Jika pinjaman tersebut dipergunakan untuk kegiatan PPh final dan bukan final dan tidak dapat
dipisahkan pembukuannya, maka pemisahannya dapat dilakukan dengan cara proporsional antara
penghasilan final dan bukan final.
Termasuk biaya pinjaman yang tidak boleh dibiayakan adalah biaya pinjaman yang disebutkan
diatas dan dikapitalisasi (dimasukkan sebagai harga perolehan harta). Maka atas penyusutan biaya
pinjaman yang dikapitalisasi tersebut tidak boleh dibiayakan.
Dan seluruh biaya pinjaman (100%) tidak boleh dibiayakan dalam hal nilai ekuitas (modal)
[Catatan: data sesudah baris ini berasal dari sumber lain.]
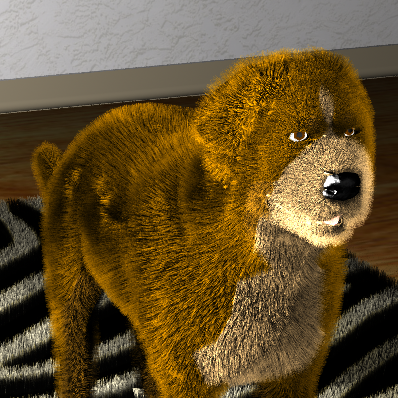 The maxdepth parameter specifies the maximum number of times rays will bounces off of specular surfaces (as in the Whitted integrator), and samplesegmentlength controls the length of the sample segments used in calculating light scattering and transmittance through fur volumes. The values above are typical values we used while rendering our scenes.

perusahaan nihil atau minus.
Ada tiga jenis utang yang dianggap bukan utang untuk penghitungan DER, yaitu:
1. Utang yang tidak dapat dibuktikan kebenarannya.
2. Utang yang digunakan untuk kegiatan usaha yang menghasilkan penghasilan yang dikenai PPh
Final, dan yang menghasilan penghasilan bukan objek.
3. Utang dari fihak afiliasi yang tidak dikenai biaya bunga (utang ini dimasukkan sebagai ekuitas).
Saldo rata-rata utang dihitung berdasarkan rata-rata saldo utang tiap akhir bulan pada satu Tahun
Pajak atau Bagian Tahun Pajak menurut pembukuan yang diselenggarakan oleh Wajib Pajak. Dalam
hal rata-rata saldo utang tiap akhir bulan tidak dapat diketahui berdasarkan pembukuan yang
diselenggarakan oleh Wajib Pajak, rata-rata saldo utang tersebut dihitung menurut dokumen yang
dapat menunjukkan posisi utang pada tiap akhir bulan.
Modal yang diperhitungkan dalam DER adalah modal yang dicatat sesuai dengan standar
akuntansi Indonesia, dan ditambah dengan dengan pinjaman tanpa bunga dari pihak afiliasi (memiliki
hubungan istimewa). Jika ada penambahan modal pada tahun tersebut, maka modal yang
diperhitungkan adalah saldo rata-rata modal pada tahun tersebut. Atau pada periode akuntansi tersebut
jika tidak genap 12 bulan.
Saldo rata-rata modal dihitung berdasarkan rata-rata saldo modal tiap akhir bulan pada satu
Tahun Pajak atau Bagian Tahun Pajak menurut pembukuan yang diselenggarakan oleh Wajib Pajak.
Dalam hal rata-rata saldo modal tiap akhir bulan tidak dapat diketahui berdasarkan pembukuan yang
diselenggarakan oleh Wajib Pajak, rata-rata saldo modal tersebut dihitung menurut dokumen yang
dapat menunjukkan posisi modal pada tiap akhir bulan.
Kewajiban Menyampaikan Perhitungan DER Dalam Lampiran SPT Tahunan PPh
Perhitungan DER merupakan salah satu lampiran SPT Tahunan PPh Badan. Ketentuan ini
diatur di Pasal 7 Peraturan Direktur Jenderal Pajak nomor PER- 25/PJ/2017.
Wajib Pajak Badan yang:
1. didirikan atau bertempat kedudukan di Indonesia
2. modalnya terbagi atas saham-saham
3. memiliki utang, dan
4. mengurangkan biaya pinjaman dalam penghitungan penghasilan kena pajak
wajib menyampaikan laporan penghitungan besarnya Perbandingan Antara Utang dan Modal sebagai
lampiran SPT Tahunan Pajak Penghasilan Wajib Pajak Badan.
Kewajiban Menyampaikan Laporan Utang Swasta Luar Negeri Dalam Lampiran SPT
Tahunan PPh
Wajib Pajak yang mempunyai utang swasta luar negeri, wajib menyampaikan laporan
besarnya utang swasta luar negeri tersebut kepada Direktur Jenderal Pajak. Ketentuan ini tercantum di
Pasal 5 ayat (1) Peraturan Menteri Keuangan Nomor 169/PMK.010/2015. Peraturan Direktur Jenderal
nomor PER-25/PJ/2017 mengatur bahwa Wajib Pajak Badan yang memiliki utang swasta luar negeri,
Wajib Pajak juga wajib menyampaikan laporan utang swasta luar negeri sebagai lampiran SPT
Tahunan Pajak Penghasilan Wajib Pajak Badan.